Gallarate

Gallarate, commando libera boss della n’drangheta. Morto il fratello

CarabinieriUna scena da film: un commando armato, attorno alle 15, ha assaltato un furgone della polizia penitenziaria a Gallarate, vicino al Tribunale e ha liberato un detenuto, l’ergastolano Domenico Cutrì, boss della ‘ndrangheta. Il detenuto è evaso, con i complici è fuggito a bordo di una Volkswagen Polo nera, poi abbandonata e sostituita da un’altra auto, una Citroen C3

Secondo una prima ricostruzione, Cutrì, a bordo di un’auto della polizia penitenziaria, stava giungendo al tribunale di Gallarate giungendo dal carcere di Busto Arsizio. All’arrivo, auto e scorta si sono trovate davanti due banditi armati di kalashnikov, che hanno intimato ai poliziotti di lasciare le armi a terra. Si sono impossessati del boss ed è partita una sparatoria. Quattro i banditi che hanno partecipato al commando, una trentina i colpi esplosi.

Morto uno dei banditi che hanno partecipato all’evasione del detenuto. E’ il fratello del detenuto evaso, Antonino Cutrì. La madre ha portato il figlio, già morto, all’ospedale di Magenta. Arrestato invece un altro membro del commando che ha assaltato gli uomini della polizia penitenziaria. L’uomo, ferito nel corso della sparatoria, è stato fermato vicino al luogo dell’assalto.

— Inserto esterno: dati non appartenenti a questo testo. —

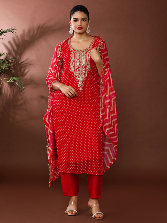 Bandhani Embroidered Silk Blend Kurta & Trousers Sets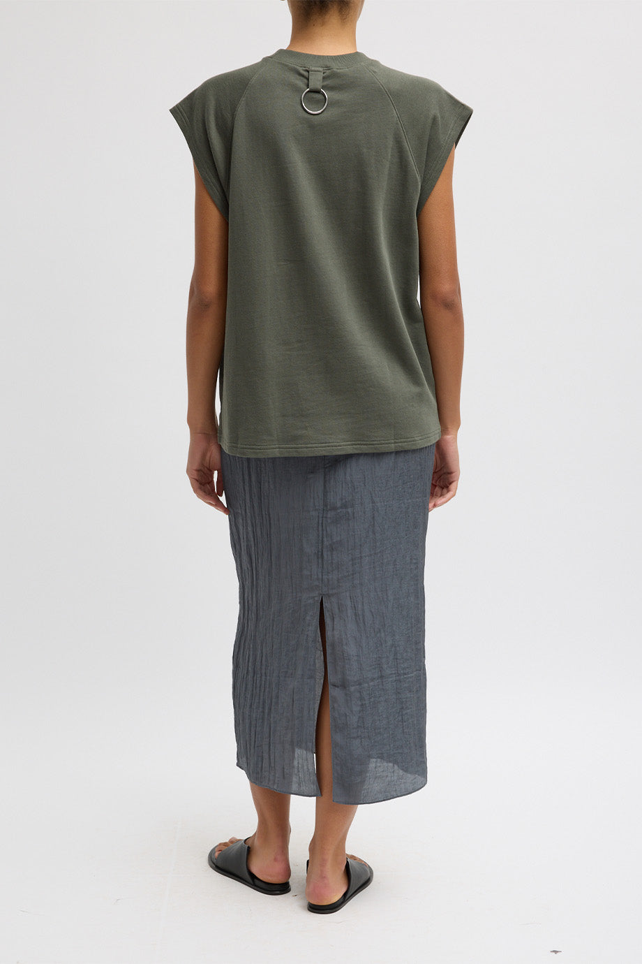 Tibi Top - Light Weight Sweatshirting Sleeveless Easy Top - Olive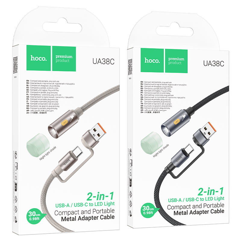 UA38B, cable adapter USB-A / Type-C male to LED light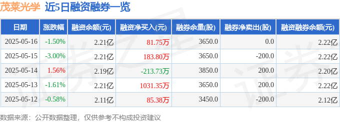 茂莱光学融资融券信息显示,融资方面,当日融资买入2168.53万元,融资偿还2086.77万元,融资净买入81.75万元。融券方面,融券卖出0.0股,融券偿还0.0股,融券余量3650.0股,融券余额98.69万元。融资融券余额2.22亿元。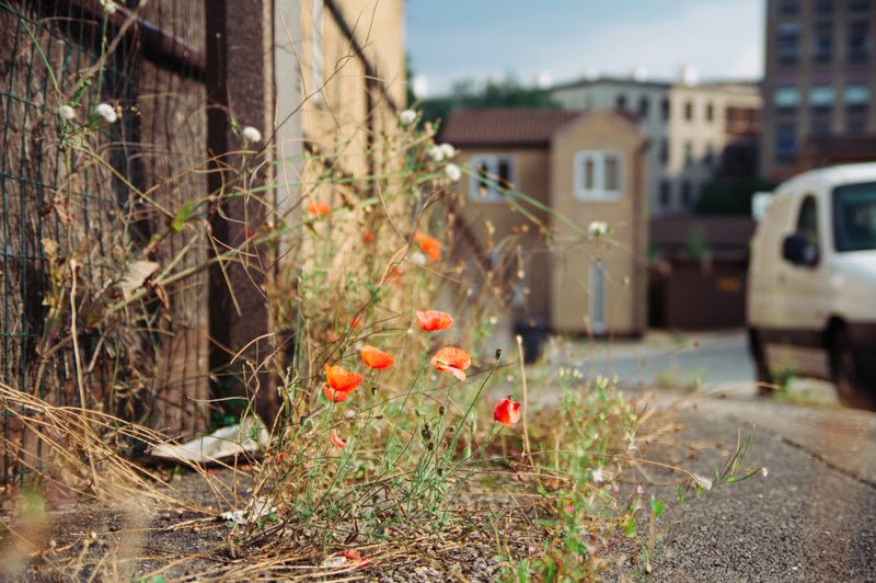 Vamos a encontrar imágenes de coloridos parterres temporales en la ciudad de Bristol, que contrastan con el gris de un fondo urbano un tanto desolador. También un espectacular Salix Pekinensis y la reflexión de la luz de la tarde que convierte en oro el fondo, esta vez en la capital china, Beijing. En Londres las flores blancas del árbol, de nuevo hacen un guiño a la belleza frente al sobrio entorno. Las “malas hierbas” se hacen buenas y las flores asoman para el consuelo de quienes circulan a poca velocidad pero con mucho stress. Incluso, si caminas cabizbajo por alguna calle de Sheffield puedes encontrar amapolas.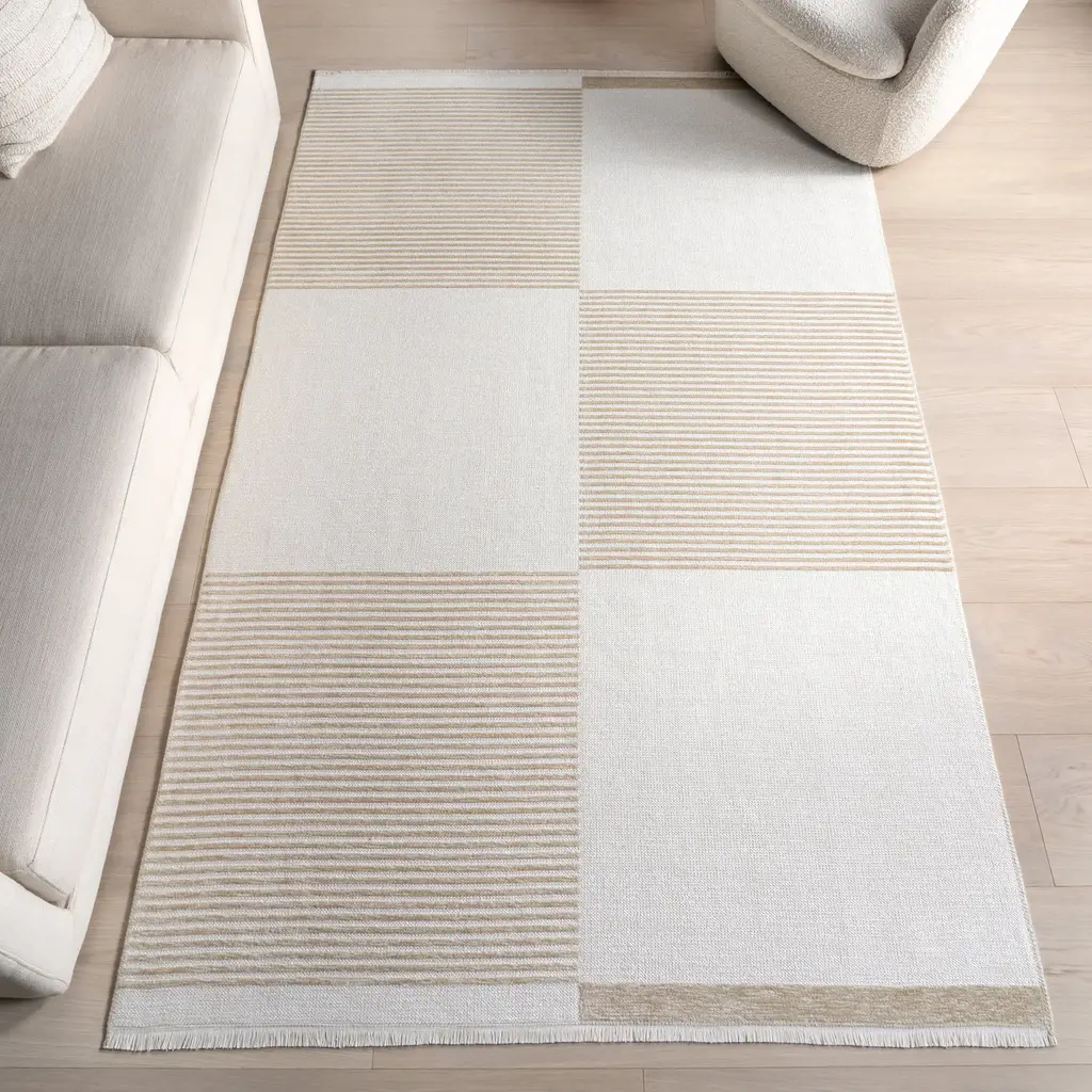 Murphy Large Checkerboard Reversible Washable Rug | Taupe - 5' X 8'

L’ergastolano Domenico Cutrì è stato condannato come mandante per l’omicidio di Lukacs Kobrzeniecki, vittima di un agguato avvenuto nel  2006 a Trecate (Novara).  L’uomo, stando a quanto si apprende da fonti del Dap, è detenuto nel carcere di Cuneo, ma da venerdì scorso era stato tradotto nel penitenziario di Busto Arsizio per essere presente oggi al tribunale di Gallarate.